Citizens action groups such as FumaneFuturo, founded in January this year, also are opposing the cement magnates’ scheme for expansion. Mimi Conti, a Fumanefuturo founder who lives on land in sight of the factory, understandably resents the constant sound of machinery drowning out the natural sounds of the valley.
 
 Mr Conti says he received death threats from workers at the plant after he organised a public meeting addressed by a cancer specialist on possible health threats from industrial emissions.
 
 As if the new plant were not enough, Rossicimenti also has applied to the regional government of Veneto to open a new marlstone excavation quarry in a new as yet untouched hill that opponents say is part of a protected natural park.

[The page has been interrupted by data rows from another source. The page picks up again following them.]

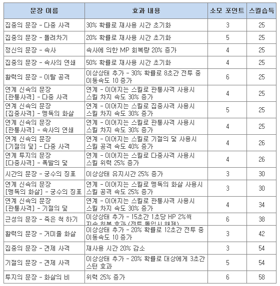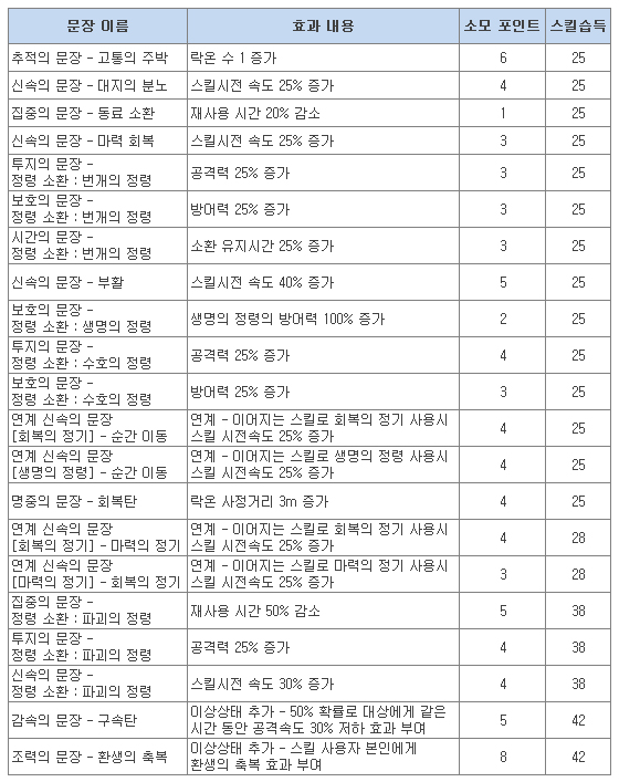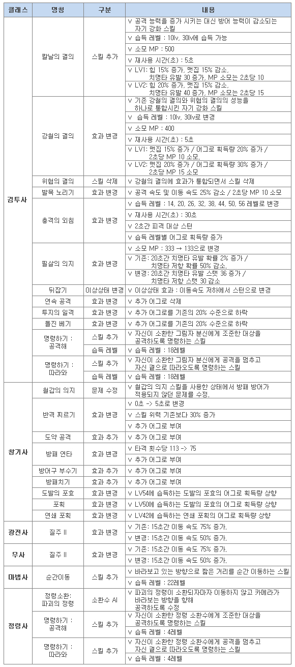 • 최고 레벨 상향에 따라 각 클래스별 신규 스킬 및 문장이 추가됩니다.
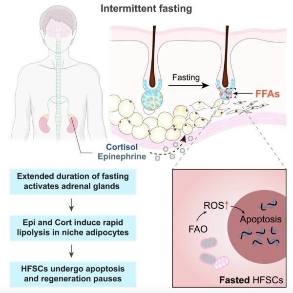 研究结果显示,间歇性禁食对小鼠的毛囊再生,表现出了显著的抑制,机制主要是选择性地诱导激活的 HFSC 的凋亡。
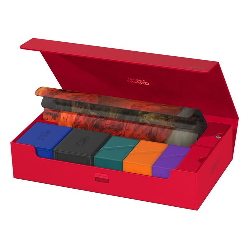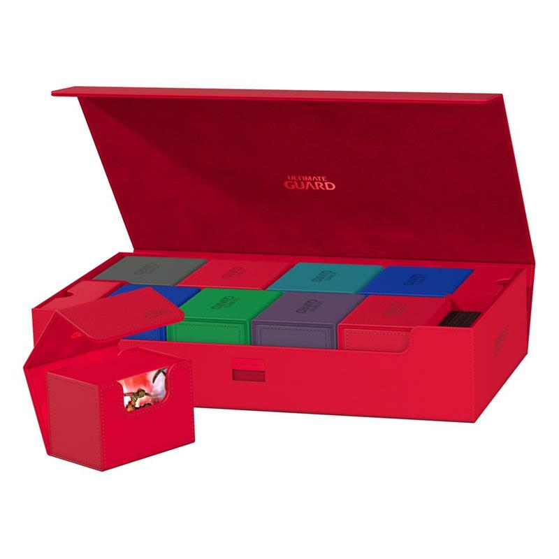 Introducing the new Omnihive 1000+! The ultimate spacious and flexible box for storing large collections. This box can hold more than 1000 double- sleeved cards or carry multiple decks and/or Play-Mats plus other Ultimate Guard products like the Sidewinder 133+. Two removable, magnetic, adjustable and stackable trays make this box unique: it's adaptable for all kinds of games and formats and enables multiple different ways of storing and using your collection.
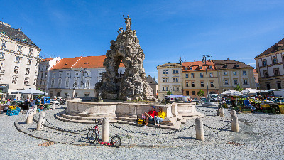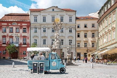 미쿨로프의 여행은 유동인구가 가장 많은 미쿨로프 광장에서 시작합니다. “고양이 머리”라고 불리는 울퉁불퉁한 자갈 바닥을 걸으면 광장 중앙에 성삼위일체탑과 다각형의 분수대가 나옵니다. 주변엔 르네상스 양식의 알록달록한 건물들이 병풍처럼 늘어서 있습니다. 광장 모퉁이에는 검정색과 흰색의 그래피티가 독특한 기사의 집을 볼 수 있습니다. 17세기 초 르네상스 양식의 건축물로 성서 속 인물과 고대 그리스신화 속 이야기를 벽면에 그려놓아 지나가는 이들의 눈길을 사로잡습니다.
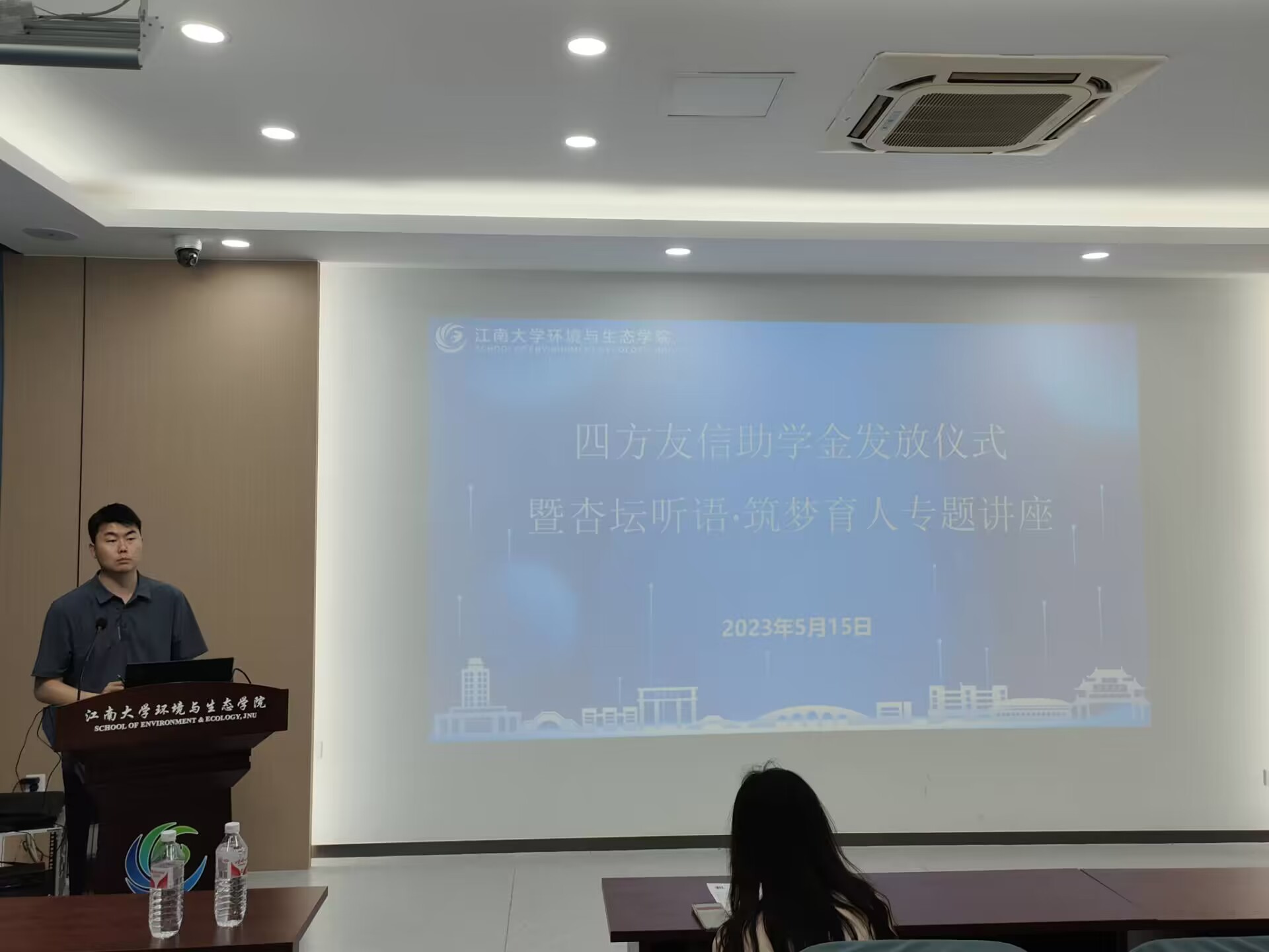 在D303举行四方友信助学金发放仪式暨杏坛听雨·筑梦育人专题讲座,会议由辅导员李东辉主持,四方友信助学金受助学生到现场参会。
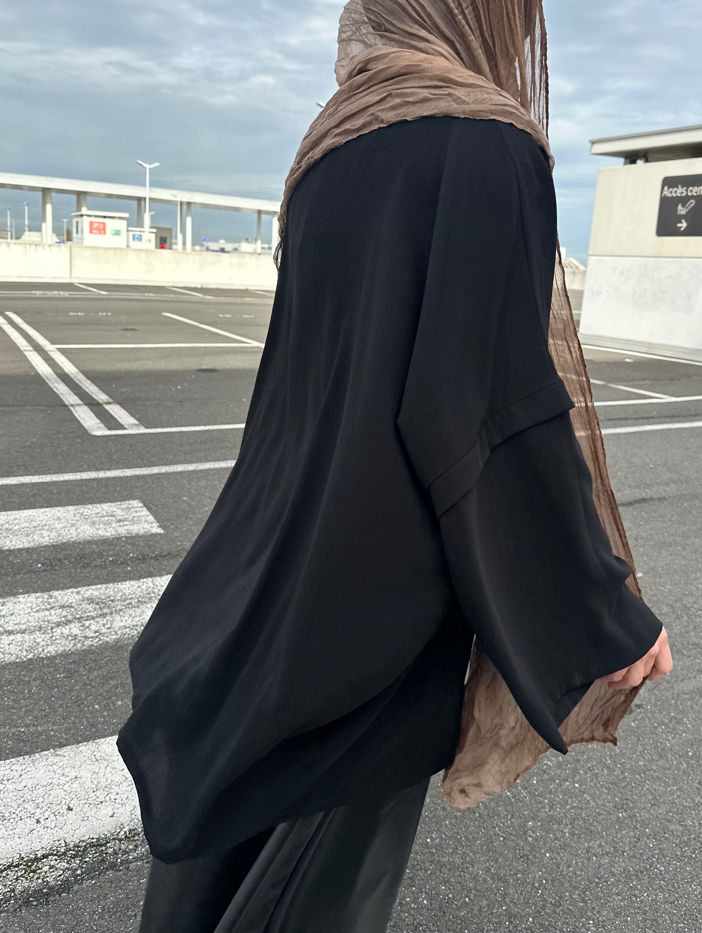 Oui, nous essayons de suivre les saisons concernant le choix des tissus. Pour cela, en été nous choisirons des tissus plus léger et fluide tandis qu’en hiver des tissus un peu plus épais. Tout cela afin de faciliter un maximum le port de nos abayas et d’éviter la superposition de plusieurs couches de vêtements.

Rossi says it holds existing excavation rights to it. The cement company has replanted vines on large swathes of land it no longer needs after exhausting underlying Marlstone deposits. But local peasants complain that cherry trees, once providing one of the main crops of local farms, no longer bear fruit as before because of omnipresent cement dust.
 
 “We are at a historic turning point,” says Daniele Todesco, the head of another citizens’ pressure group, Valpolicella 2000, in the adjoining, pristinely beautiful valley of Marano . “Either the cement plant is closed gradually and we re-launch Valpolicella or we re-launch this kind of heavy industrial business.”
 
 The centre-left mayor of Marano for his part has accused the action groups of spreading alarmism. And many environmentalists accuse local mayors of relying too heavily on tax income from the cement plant. Fumane’s centre-right mayor declined a request to discuss the issue with a foreign reporter, saying it would be “inappropriate while studies of the project are ongoing.”
 
 Franco Allegrini, however, believes many local people have become too used to living with the cement works, engendering a dangerous complacency.